7. Way ahead: With or Without Biometrics
Biometric technology presents a powerful tool for enhancing security and authentication. Still, its potential for misuse and the risk of privacy breaches underscores the need for comprehensive measures at both legislative and technological levels. Talking about legal solutions, we can take inspiration from Illinois’ Biometric Information Privacy Act [43], South Africa’s Protection of Personal Information Act [44], and Europe’s general data protection regulation[45]. The three-part test[46], which focuses on the legitimacy, necessity, and proportionality of the purpose to the risk it involves, should be followed. The data must be captured only with legitimate purposes, such as in cases of public interest, public peace or public health. The purpose should also be proportional to the vulnerability of biometrics data. It should be captured only when it is essential and unavoidable for achieving the intended purpose. The use of biometric technology for mass surveillance does not fulfill this three-part test. There should be transparency regarding the capturing, retention, application, and instances of breach incidents involving biometric data. Informed and unambiguous consent for biometric data collection should be enforced; ensuring individuals become aware of and agree to the use of their biometrics.
The right to be forgotten should be upheld by establishing a legal framework that allows individuals to request the deletion of their biometric data once its collection purpose has ended. To offer redress and set responsibilities in the event of breaches, a legal right of action should be granted to affected individuals, enabling them to seek compensation.
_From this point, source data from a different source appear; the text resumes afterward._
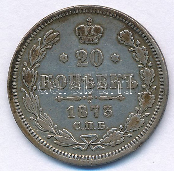 Russian Empire 1873. 20 Kopecks Ag ... https://www.darabanth.com/hu/472-Gyorsarveres/472.0/Numizmatika/Kulfoldi-fem-es-ezustpenzek~2000017/Orosz-Birodalom-1873-20k-Ag-TVF-Russian-Empire-1873-20-Kopecks-Ag-CVF--Krause-Y2322a1~II3195757
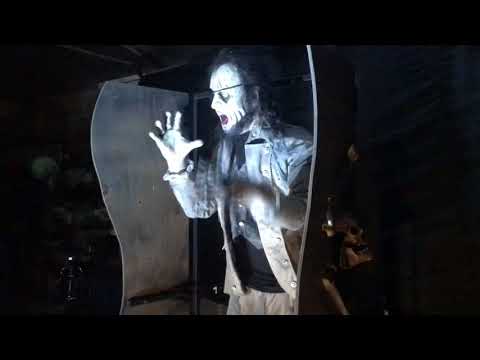 Pirate waits behind wall, then wall splits open and Pirate burst up and out to 7′ tall while arms flail and grab. A great startle scare.
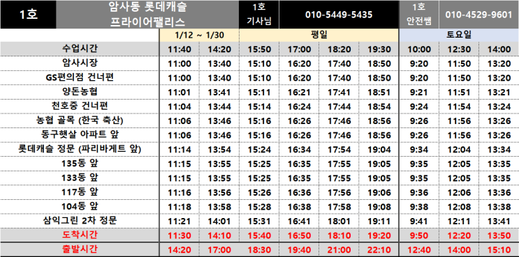 [공지] 구주이배 1월 셔틀버스 운행 시간표
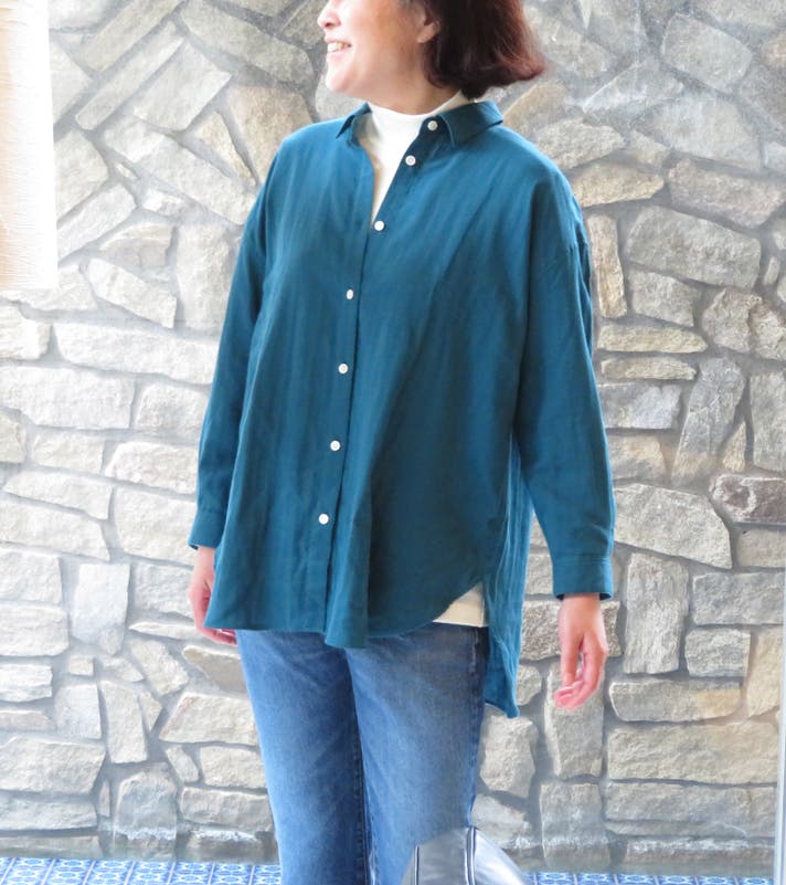 ※弊社で洗濯機での洗いと、手洗いでの洗いでの寸法変化を検証しました。素材の特性上、1回目の洗濯後5%~6%前後の縮みが生じます(特に縦方向)。なので着丈の仕上がりサイズは、上記サイズ表より3㎝長くあげております。袖丈も2㎝長くあげております。1回洗濯後に着丈、袖丈は上記サイズに近くなるイメージです(個体差あり)。洗濯2回目以降はさほど縮みません。洗濯方法は中性洗剤を使用した手洗いを推奨しております(縮みの軽減、生地の傷み軽減)。取り扱い方法に詳しく明記しておりますのでご確認下さい。

Additionally, Organisations dealing with biometric data should appoint Data Protection Officers to ensure compliance with these data protection regulations.
Coming to technological solutions, we can use encryption and cryptography to protect the stored biometric data. Encrypted biometrics[47] involves binding a digital key with the biometric data. Such a key may be generated from the biometrics itself. So that even if a breach occurs, the compromised data remains indecipherable. Or, we can use Cancellable biometrics”[48] which involves storing a distorted image of the biometrics. It provides revocability since biometrics can be re-enrolled even if compromised. It also prevents cross-matching of the databases as each database uses different transformations. The Blockchain technology[49] can also be used for securing the decentralised storage of biometrics. Furthermore, the use of artificial intelligence in the field of biometric technology, such as emotion recognition, should be slowed down until the potential ramifications are not understood thoroughly.[50]
Finally, even though these solutions can help us enjoy enhanced security and convenience while minimising privacy compromises, the search for other alternatives of authentication should continue.